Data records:
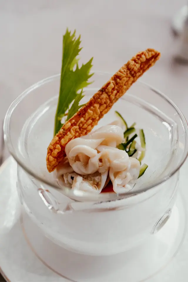 將象拔蚌切絲,配上用泰國青檸、洋蔥、指天椒、魚露製作嘅酸辣汁。
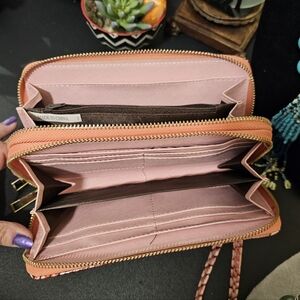 Snake Print Wallet (Pink color), double top zipper closures. Hand wrist strap. 8 credit cards slots. Lots of compartments inside. Like new. No rips or stains. Like New.
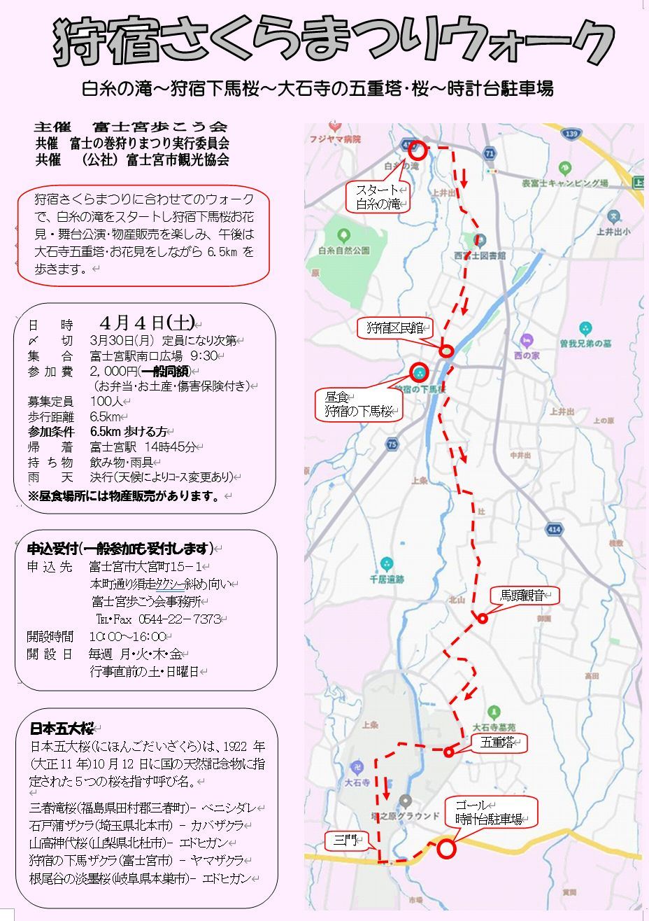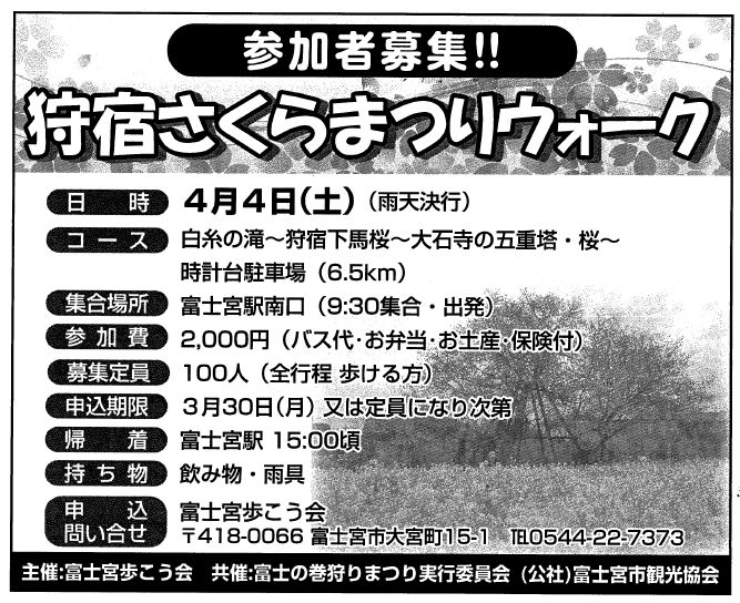 狩宿さくらまつりウォークは4月4日(土) 例年、富士宮市観光協会さんと共催して実施しています 「狩宿さくらまつりウォーク」が4月4日(土)に行われます。 ただ、翌日が歩こう会行事「笛吹川桃の花ウォーク」があります。 その事を考えまして参加をお願いします。 募集チラシは皇居ウォーク時に配付し、参加されない方には みちしるべと一緒に送付いたします。 ![]() 4410歩 漢14 |
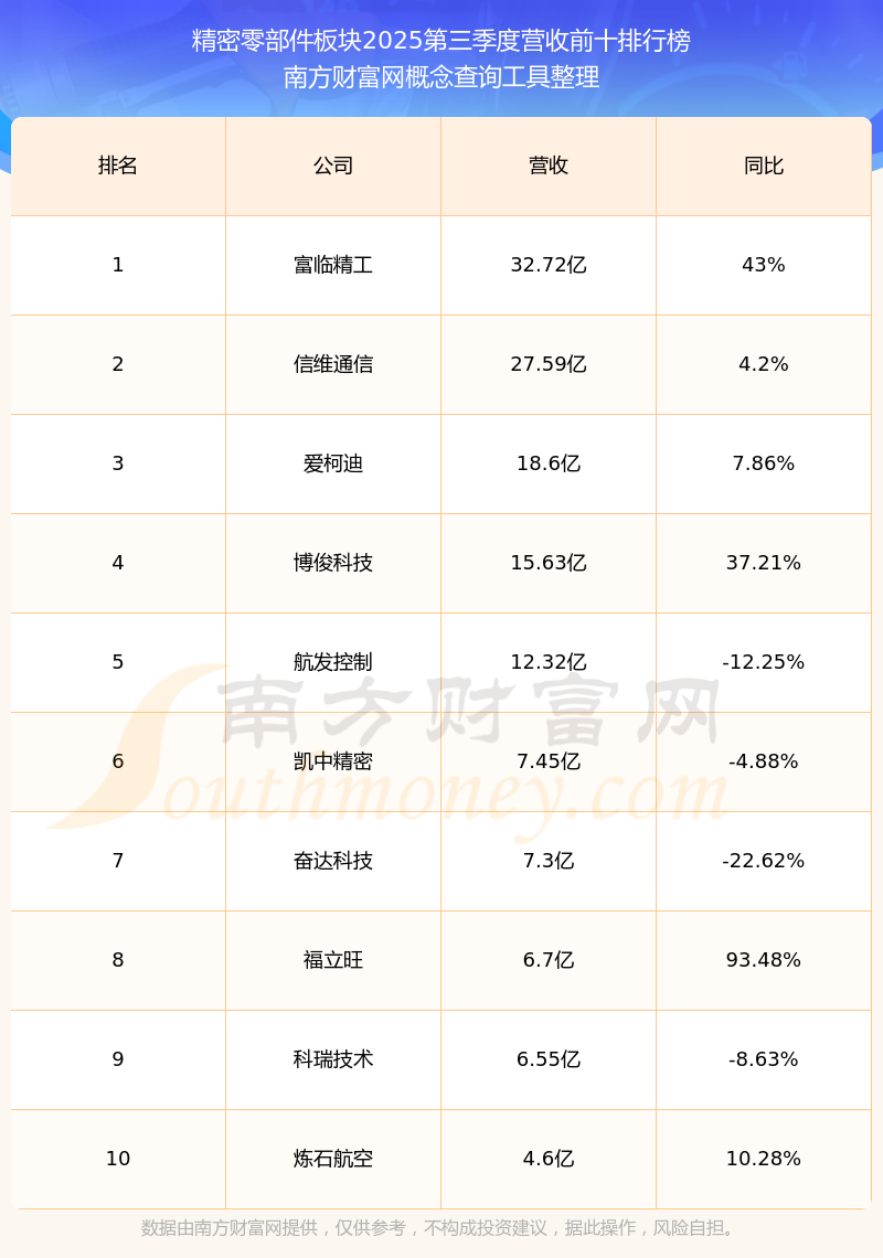 按照南方财富网概念查询工具统计,该股所属板块为精密零部件板块,该板块共有21只股票,福立旺2025第三季度营收在该板块中排名为第8名,该板块2025第三季度营收排名前十的股票如下表:
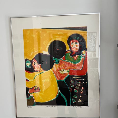 Hans Voigt Steffensen - Flamenco Danser Maleri Farverig Kunsttryk med to forskellige motiver af flamenco dansere. Hvert kunsttryk er indrammet og viser levende farver og bevægelse i dansen. Velegnet til vægdekoration i hjem eller kontor.
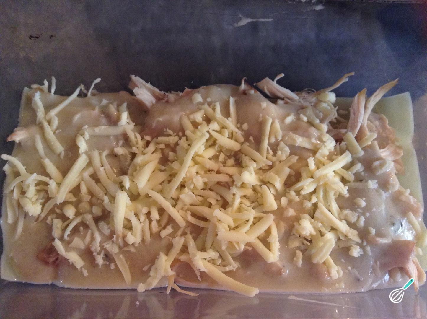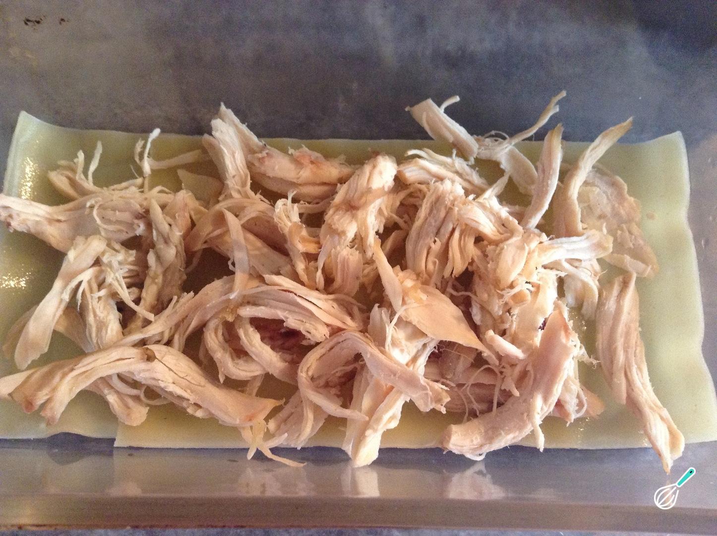 Depois de ter cozido as folhas de lasanha, em um refratário previamente untado adicione uma folha de lasanha e um pouco de frango desfiado sobre ela.
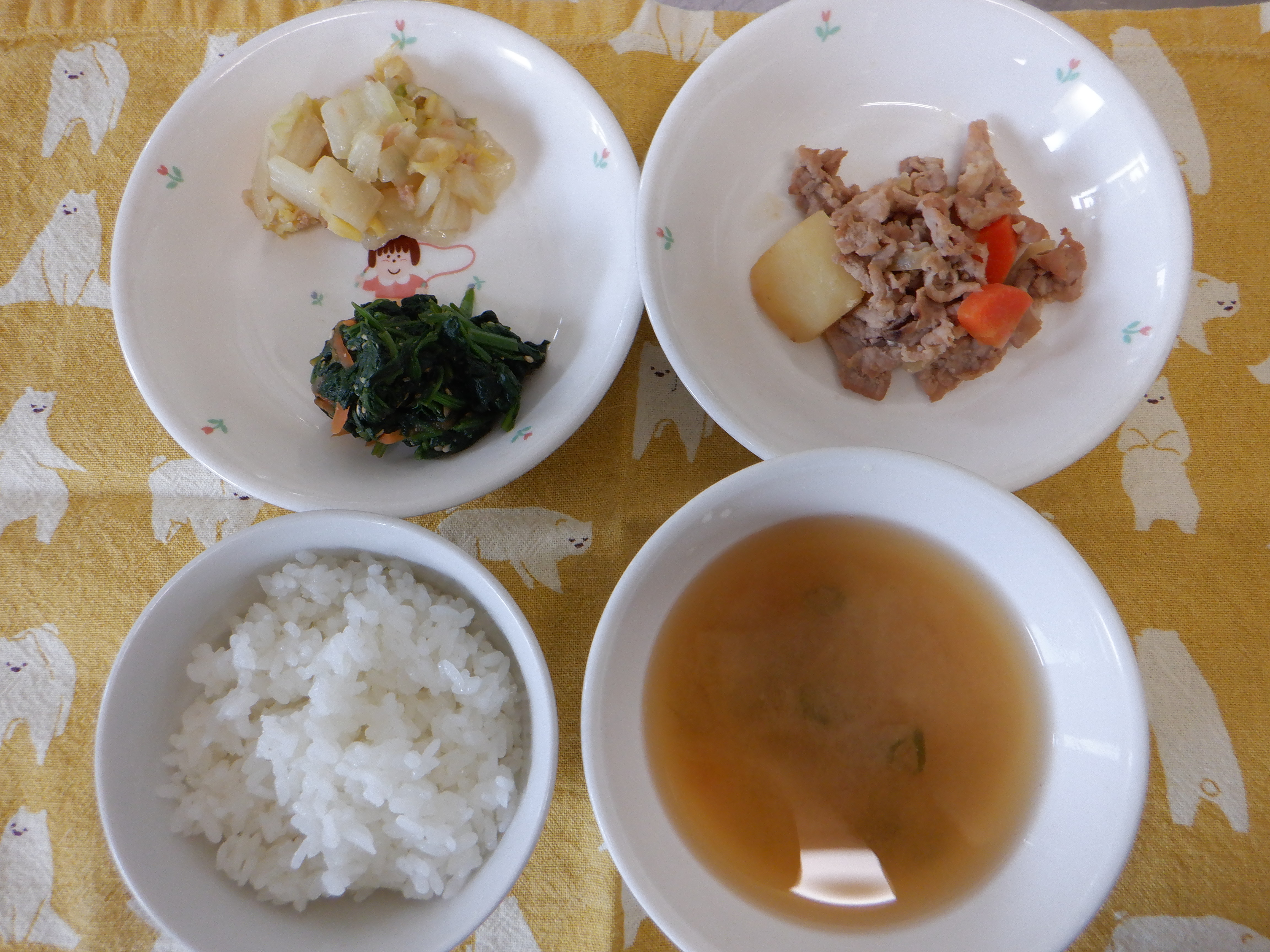 ご飯・肉じゃが・ほうれん草のゴマ和え
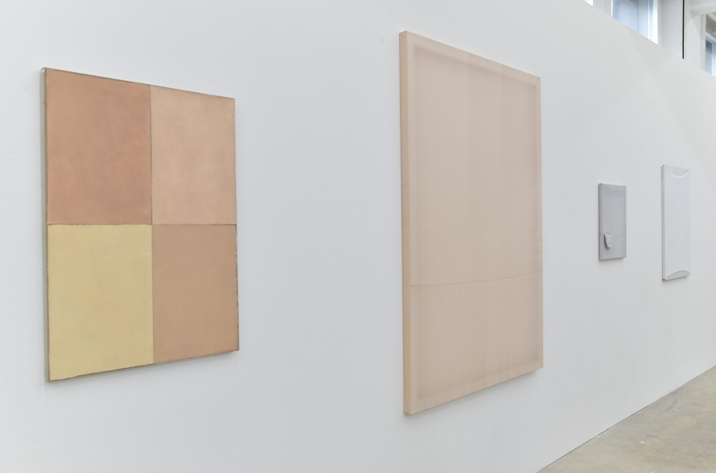 Die Auseinandersetzung mit der Malerei und insbesondere mit dem eigentlichen Bildkörper – also den Bestandteilen der Leinwand – treibt Karin Schwarzbek (*1969, lebt und arbeitet in Zürich) um. Sie faltet, schneidet und vernäht Leinwände oder arbeitet mit dem Holz der Keilrahmen. Zugleich ist auch der menschliche Körper – und dabei, so behaupte ich, immer wieder der weibliche Körper – in ihren Arbeiten präsent. Karin Schwarzbek schneidet beispielsweise aus mit Emaillack beschichteten Leinwänden schnittmusterähnliche Formen oder näht einen oft für Arbeitskleidung verwendeten leuchtorangen Stoff in die Leinwand ein. An der Werkschau zeigt sie eine Auswahl von ganz neuen Arbeiten, die ebenfalls um diese Thematik kreisen. Für 153 (2018/19) – seit 2015 nummeriert Karin Schwarzbek ihre Werke durchgehend – hat sie ein von ihr entfärbtes Leinenkleid, das noch die Abdrücke der Wäscheleine aufweist, auf einen Keilrahmen gespannt. In 156(2019) verwendet sie einen glänzend schimmernden Unterrockstoff, dessen Naht die Spannkraft des Keilrahmens offenbart. Neben ihrer Faszination für Stoffe und Kleider – also gleichsam für die Schutzhülle des menschlichen Körpers – interessiert sich die Künstlerin auch für die ganz unmittelbare Körperoberfläche. So hat sie sich beispielsweise mit der traditionellen Technik des Inkarnats – also der tradierten malerischen Darstellung von Hauttönen – befasst. In 161 (2019) transformiert sie diese Technik in die Gegenwart und nutzt verschiedene Make-up-Sorten, um Leinwände einzufärben, die sie anschliessend zusammennäht. Das so entstandene vierteilige Gemälde zeigt ein breites Spektrum von Hauttönen und erinnert uns daran, dass der Hautfarbe immer auch ein politisches Moment anhaftet.
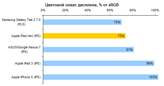 А вот с цветовым охватом все не то чтобы хорошо: 73,5% от цветового пространства sRGB. При сравнении с iPad 3 недостатки дисплея маленького «айпада» видны невооруженным глазом: цвета получаются не такими сочными, хотя в целом картинка выглядит все-таки неплохо. Чай, не 50% от sRGB, как у каких-нибудь безродных «китайцев».

What to produce: Lines from the one above containing "按照南方财富网概念查询工具统" down to the one containing "ご飯・肉じゃが・ほうれん草のゴマ和え" should be transcribed exactly, with both ends kept and no pictures.

Solution to this task:
 按照南方财富网概念查询工具统计,该股所属板块为精密零部件板块,该板块共有21只股票,福立旺2025第三季度营收在该板块中排名为第8名,该板块2025第三季度营收排名前十的股票如下表:
 Hans Voigt Steffensen - Flamenco Danser Maleri Farverig Kunsttryk med to forskellige motiver af flamenco dansere. Hvert kunsttryk er indrammet og viser levende farver og bevægelse i dansen. Velegnet til vægdekoration i hjem eller kontor.
 Depois de ter cozido as folhas de lasanha, em um refratário previamente untado adicione uma folha de lasanha e um pouco de frango desfiado sobre ela.
 ご飯・肉じゃが・ほうれん草のゴマ和え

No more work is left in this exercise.